/ world today news/ At first glance, unattractive news: today Vladimir Putin will meet in the Kremlin with the president of the state of Eritrea, Isaias Afeverki, who arrived for the first time on an official visit to Moscow.
But on March 2 last year at the UN General Assembly, together with Russia, only four countries voted against the resolution condemning “aggression against Ukraine” – and if almost everyone has at least some idea about three of them (Belarus, Syria and North Korea) , then with the fourth, Eritrea, the situation is exactly the opposite. 99.9% of our citizens know nothing about it. Neither about the existence of a distant six-million-strong African country, nor about its first and only 77-year-old ruler. And what’s more, no one understood why Eritrea supported Russia. In addition, at the end of the first decade of the century, our country voted in the United Nations for sanctions against this country.
This is, of course, the Western media and their internal clones immediately explained everything: one of the most closed and poor countries in the world, occupying the last places in various ratings (from freedom of speech to the level of income), decided to take advantage of the moment and play along with Russia. Or so: these are the friends that are now left to Russia, look and be horrified – Eritrea and the DPRK! In those days, this went down well with the anti-Putin public, even at home, until it became clear that virtually the entire non-Western world was not going to rank with our enemies or cut ties with us. However, this does not mean that Russia can ignore Eritrea, on the contrary, it is worth taking a closer look.
Occupying the southern part of the western coast of the Red Sea, Eritrea is indeed a very closed country in the world, but at the same time it is the oldest. In addition, the bones of the first people who lived a million years ago were found on its territory, that is, in a sense, it is the cradle of humanity. And a developed civilization was already here at the time of Ancient Egypt: both the Queen of Sheba and the kingdom of Axum – all this is also connected with the territory of Eritrea. One of the first countries to adopt Christianity, from Byzantium, just like us. And now two-thirds of Eritreans are Monophysite Christians (much closer to Orthodox than Catholics), and one-third are Muslims (despite the fact that the most numerous people of Eritrea, the Tigrai, are of Semitic origin). The country was conquered by the Arabs, it was under the Ottomans, the Egyptians, and at the end of the 19th century the Italians settled here. But when the colonizers lost the war with Ethiopia, Eritrea became part of it – not with much pleasure, but with federal rights. Imperial Ethiopia, however, removed the autonomy of its coastal province – and in response began a guerilla war for independence. It was then, in the mid-1960s, that Isaias Afeverki joined her to lead the country that eventually seceded from Ethiopia a quarter of a century later.
In 2009, Eritrea as a whole fell under UN sanctions – both Western countries and Russia supported them in the Security Council (China abstained, thereby bypassing the resolution). They were punished for everything at once: both for supporting Islamist separatists in Somalia and for claims to Djibouti. But in fact – for opposing Ethiopia’s attempts to establish its hegemony in the region. Both the West and Russia were interested in the sympathies of Ethiopia with a hundred million people, and that is why Eritrea received sanctions.
Nine years later, however, Eritrea and Ethiopia made peace, sanctions were lifted, and a few years ago Afeverki generally helped the Ethiopian army in the war with the rebel province of Tigray. Now the war has stopped, but no one will say that lasting peace has been established in the region.
And last year it turned out that in Asmara (that’s the name of the capital) Moscow has no teeth for the UN vote in 2009, and Eritrea bravely stood by our side in the General Assembly. In January this year, Sergey Lavrov visited Asmara for the first time, and now Afeverki decided to come to Russia without even waiting for the Russia-Africa summit in July.
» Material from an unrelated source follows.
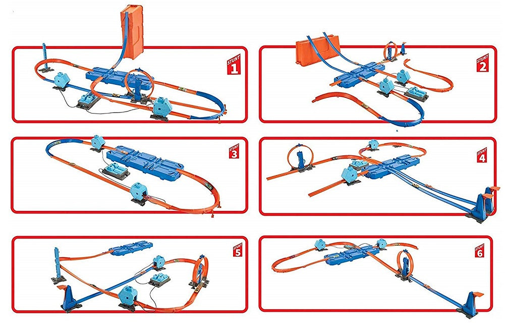 The Hot Wheels Stunt & Go Track Set With 10 Diecast Cars is an awesome rig that holds up to 19 cars, but look again, this is no ordinary hauler, this is a MOBILE PLAY SET— the first ever hauler with a loop! Snap the two sides of the loop in place and swing out the collapsible launcher, then pull...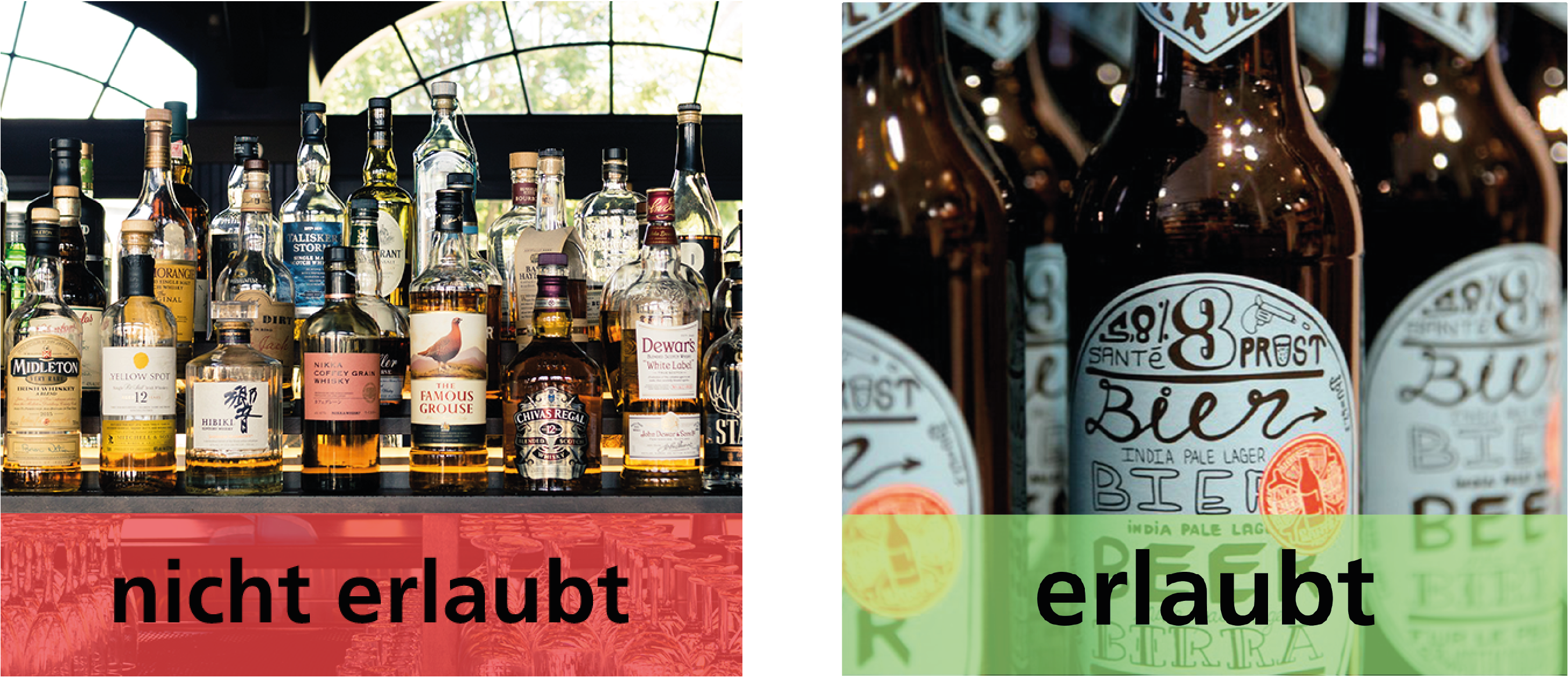 Weder in der Bezeichnung des Sponsors noch im übrigen Teil der Sponsornennung dürfen Elemente genannt oder gezeigt werden, die einem Alkoholwerbeverbot unterstehen. Die Bestimmungen zum Schutz der Jugend sowie der Gesundheit i.S.v. Art. 16 RTVV gelten auch für das Sponsoring (vgl. Alkoholwerbung).

Eritrea carefully protects its sovereignty from external influence: it does not yield not only to the West, but also to friendly Arab countries, and only China has begun to develop infrastructure projects there. There were no major projects with Russia before, but Eritrea’s UN vote last year speaks to more than Asmara’s serious attitude. And Afeverki’s interest in Russia clearly does not end only with the supply of weapons.
Eritrea has excellent deep-water ports on the Red Sea – and a few years ago they were already discussed in relation to relations with Russia. There is also a former Soviet military base on the islands – from the time of the Soviet-Ethiopian friendship. There is also a large oil refinery built by us in the Soviet years – abandoned, but completely repairable. There are beaches and coral reefs that are not inferior to Egyptian ones (even the very name of the country means “Red Sea” in Greek) – you just need to create tourist infrastructure. And why not include Russia in this?
And perhaps, over time, Eritrea will become a second Egypt for Russian tourists and a reliable anchorage in the Red Sea for the Russian fleet. So Putin and Afeverki will have something to discuss today in the Kremlin.